両モデルとも実用的なハッチバック・モデルをベースに高出力なエンジンやそれを路面に伝えるために磨き上げた駆動系、その強力な駆動力を活かす研ぎ澄まされたシャシーを与えたスポーツ・モデル。その走りはスポーツカーも真っ青の速さと刺激を有する。しかし、ホットハッチという同じジャンルに属しながらも、GRカローラとシビック・タイプRのコンセプトや機構にはかなりの差が見られる。今回はそんな両車の違いについて解説していきたいと思う。第1弾は駆動方式について。



すべてはタイプRのために

トヨタ・ガズー・レーシング(TGR)、いわゆる「GR」ブランドで発売したGRカローラは、実用車の王道である「カローラ」のハッチバック・モデル「カローラ・スポーツ」をベースにWRCラリーを鑑みて開発された「GRヤリス」のパワートレインを移植して製作されたスポーツ・モデル。
一方のホンダ・シビック・タイプRも実用車である「シビック」を基に高性能化が図られたホットハッチだ。ただし、上級モデルから技術を譲り受けるのではなく、すべてシビック・タイプRのためだけに仕立てられた機能や装備で構成されている。
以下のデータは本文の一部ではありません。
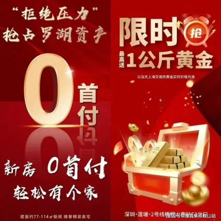 【定金10万,真0首付,上车罗湖精装三房】送黄金或现金,放款后首付返还,限时最高送1公斤黄金或等值现金!
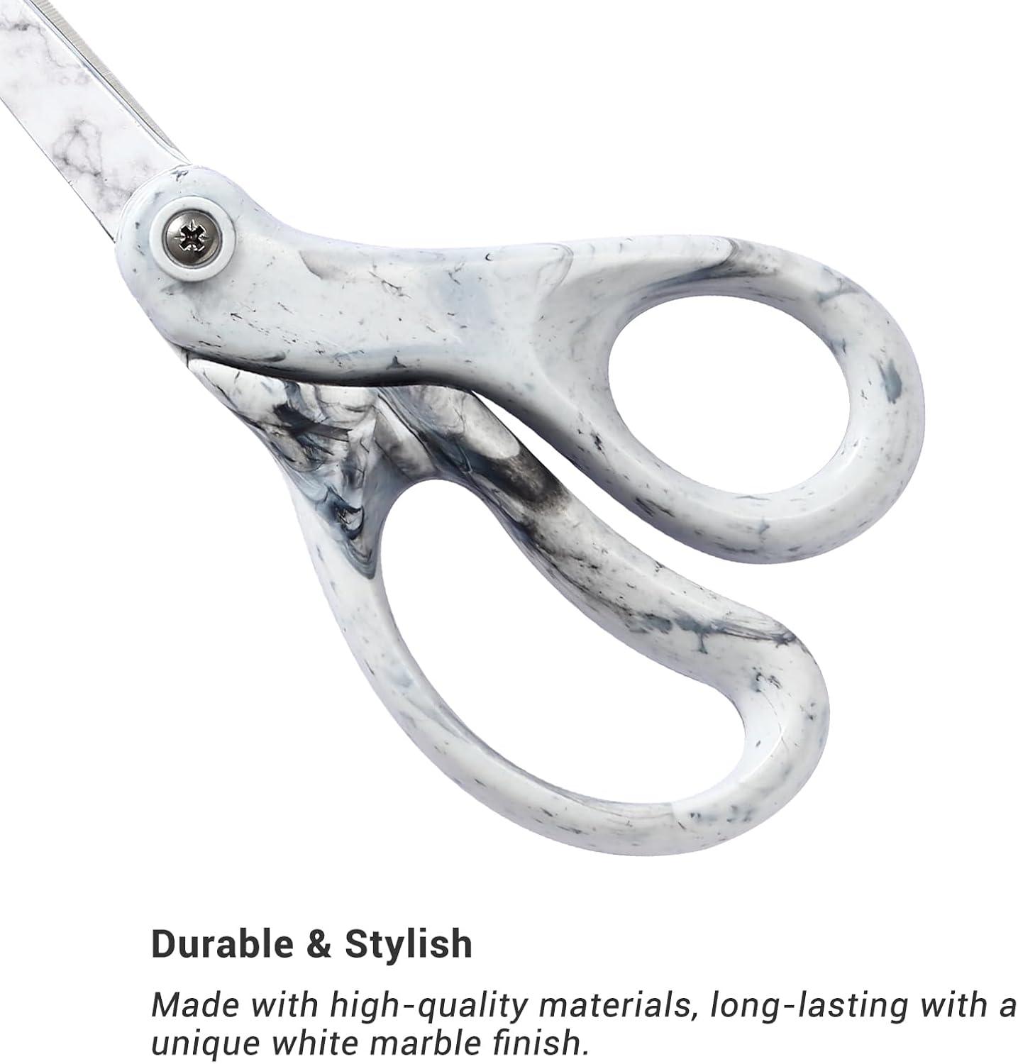 LIVINGO Scissors All Purpose - 8" Sharp Heavy Duty Shears for Office Crafting DIY Cutting Paper, Fabric, Stainless Steel, Comfort Grip, Gradient Blue(Marble White)

2台のもっとも大きな違いは駆動系だ。GRカローラがFFベースながら4WDを採るのに対し、シビックRはFFとなる。



4WD vs 前輪駆動

GRカローラは小さなボディにできるだけ高出力なエンジンを積み、そのために足りなくなった駆動力性能を4輪駆動で補うという、1980年代に登場したグループBやグループAのWRC(世界ラリー選手権)マシンで花開いたコンセプトを基に開発された高性能小型4WDスポーツ。エンジンやドライブトレインをラリーカーのベース・モデルとして開発されたGRヤリスから移植していることがその証と言えるだろう。
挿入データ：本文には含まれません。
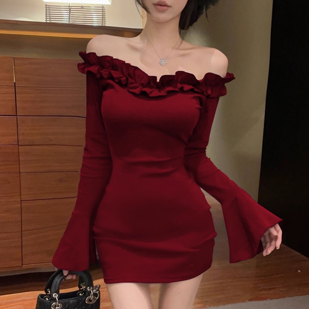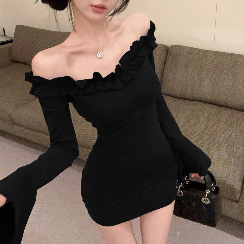 這款 2025 爆款一字肩包臀洋裝,是今年純欲甜辣風不可或缺的代表款 ✨。使用彈力涤纶布料,不僅擁有極佳延展性,貼身穿也不緊繃,能完美貼合身體線條,展現柔美又性感的曲線感 💕。布料順滑親膚,長袖也不悶熱,四季都能輕鬆駕馭。領口採用浪漫花邊設計,搭配大露肩的一字領,讓鎖骨、肩線更立體迷人,甜美與性感一次到位 🎀。喇叭袖更是增添整體設計亮點,袖口隨行動微微擺動,有種仙氣飄飄的氛圍,同時修飾手臂線條,非常適合想穿顯瘦款的女孩。包臀短裙更是這件洋裝的靈魂,貼合曲線卻不緊繃,從視覺上大大拉長腿部比例,小個子穿也能輕鬆駕馭,打造俐落又高挑的身形效果 ✨。裙長不過短、不會不方便,是性感但非常實穿的長度。三色各有魅力:酒紅色 → 氣場強、性感高級,聚會必勝色 🍷黑色 → 顯瘦、百搭、神祕感滿分 🖤藏青色 → 低調氣質,優雅又迷人 💙S~XL 的寬範圍尺寸讓不同身形女孩都能穿得剛剛好,是一件從約會、生日聚會、派對到外拍都能完美駕馭的高顏值洋裝 👑。如果你想找一件能甜、能辣、能仙、又能超顯瘦的短裙洋裝,這件真的會讓你一穿就上癮 🔥✨ 尺寸 S, M, L, XL 顏色 酒紅色, 黑色, 藏青色

それに対して、シビックRはベース・モデルと同じFFを踏襲している。車両重量の軽さやコストパフォーマンスなど2輪駆動のメリットを活かしつつも高出力化を図っているのが大きな特徴だ。ホットハッチの始祖であるフォルクスワーゲン・ゴルフGTIの流れを汲む、いわばホットハッチの本流を行くモデルである。



前後駆動力配分を選べる

GRカローラは「GR-FOUR」と呼ばれるGRヤリスにも搭載されている多板クラッチ式アクティブ・トルクスプリット4WDを採用。多板クラッチのつなぎ方により前後のトルク配分を50:50から100:0の間で可変させることができる。GRカローラでは基本的な前後駆動力配分を60:40、30:70、50:50という3通りの設定を用意。ドライバーはセンターコンソールのダイヤルで任意にその3通りから選ぶことが可能だ。また、前後のディファレンシャル・ギアにはトルセン式LSDを搭載し、左右駆動力配分の最適化も図っている。

一方のシビックRはベース・モデルと同じFFを踏襲。ただし、ヘリカル式LSDを装着することでコーナリング時の駆動ロスを抑えている。駆動力のアクティブ制御も用意されていない。